• Provided material
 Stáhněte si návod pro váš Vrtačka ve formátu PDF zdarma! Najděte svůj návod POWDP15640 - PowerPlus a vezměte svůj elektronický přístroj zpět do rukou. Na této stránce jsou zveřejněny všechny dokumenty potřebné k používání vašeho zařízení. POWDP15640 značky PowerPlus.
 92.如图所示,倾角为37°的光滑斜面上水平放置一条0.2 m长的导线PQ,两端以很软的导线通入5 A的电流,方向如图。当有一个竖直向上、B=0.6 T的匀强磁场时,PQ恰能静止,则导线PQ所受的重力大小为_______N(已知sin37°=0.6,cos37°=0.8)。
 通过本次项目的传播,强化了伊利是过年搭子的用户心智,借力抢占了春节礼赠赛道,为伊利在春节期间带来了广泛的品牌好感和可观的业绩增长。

* * *

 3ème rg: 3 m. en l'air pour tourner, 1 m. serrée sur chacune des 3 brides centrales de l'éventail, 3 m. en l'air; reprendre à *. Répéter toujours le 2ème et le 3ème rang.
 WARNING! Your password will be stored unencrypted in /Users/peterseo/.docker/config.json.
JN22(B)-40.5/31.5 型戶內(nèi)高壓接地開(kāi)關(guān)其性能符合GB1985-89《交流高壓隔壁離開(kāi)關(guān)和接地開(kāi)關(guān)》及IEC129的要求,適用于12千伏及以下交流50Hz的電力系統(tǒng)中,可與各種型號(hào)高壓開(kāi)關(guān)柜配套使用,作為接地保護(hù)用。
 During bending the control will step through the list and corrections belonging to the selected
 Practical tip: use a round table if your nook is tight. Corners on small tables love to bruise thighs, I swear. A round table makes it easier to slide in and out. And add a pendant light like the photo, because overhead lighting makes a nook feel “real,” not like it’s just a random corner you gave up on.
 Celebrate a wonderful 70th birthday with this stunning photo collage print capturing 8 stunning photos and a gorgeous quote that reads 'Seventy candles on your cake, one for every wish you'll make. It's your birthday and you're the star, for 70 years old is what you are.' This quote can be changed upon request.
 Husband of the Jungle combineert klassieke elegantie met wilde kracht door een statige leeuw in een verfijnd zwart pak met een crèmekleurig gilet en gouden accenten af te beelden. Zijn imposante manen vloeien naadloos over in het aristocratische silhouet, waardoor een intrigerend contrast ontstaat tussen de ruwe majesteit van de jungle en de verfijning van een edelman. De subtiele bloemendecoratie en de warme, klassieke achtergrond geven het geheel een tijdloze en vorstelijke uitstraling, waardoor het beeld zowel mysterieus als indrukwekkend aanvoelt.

...

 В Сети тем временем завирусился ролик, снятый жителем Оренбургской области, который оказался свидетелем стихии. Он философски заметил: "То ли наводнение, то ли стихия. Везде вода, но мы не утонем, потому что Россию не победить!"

• Task description
Return, with no change at all, every line in the entries above from the line containing "Stáhněte si návod" through the line containing "通过本次项目的传播,强化了伊".

• Response area
 Stáhněte si návod pro váš Vrtačka ve formátu PDF zdarma! Najděte svůj návod POWDP15640 - PowerPlus a vezměte svůj elektronický přístroj zpět do rukou. Na této stránce jsou zveřejněny všechny dokumenty potřebné k používání vašeho zařízení. POWDP15640 značky PowerPlus.
 92.如图所示,倾角为37°的光滑斜面上水平放置一条0.2 m长的导线PQ,两端以很软的导线通入5 A的电流,方向如图。当有一个竖直向上、B=0.6 T的匀强磁场时,PQ恰能静止,则导线PQ所受的重力大小为_______N(已知sin37°=0.6,cos37°=0.8)。
 通过本次项目的传播,强化了伊利是过年搭子的用户心智,借力抢占了春节礼赠赛道,为伊利在春节期间带来了广泛的品牌好感和可观的业绩增长。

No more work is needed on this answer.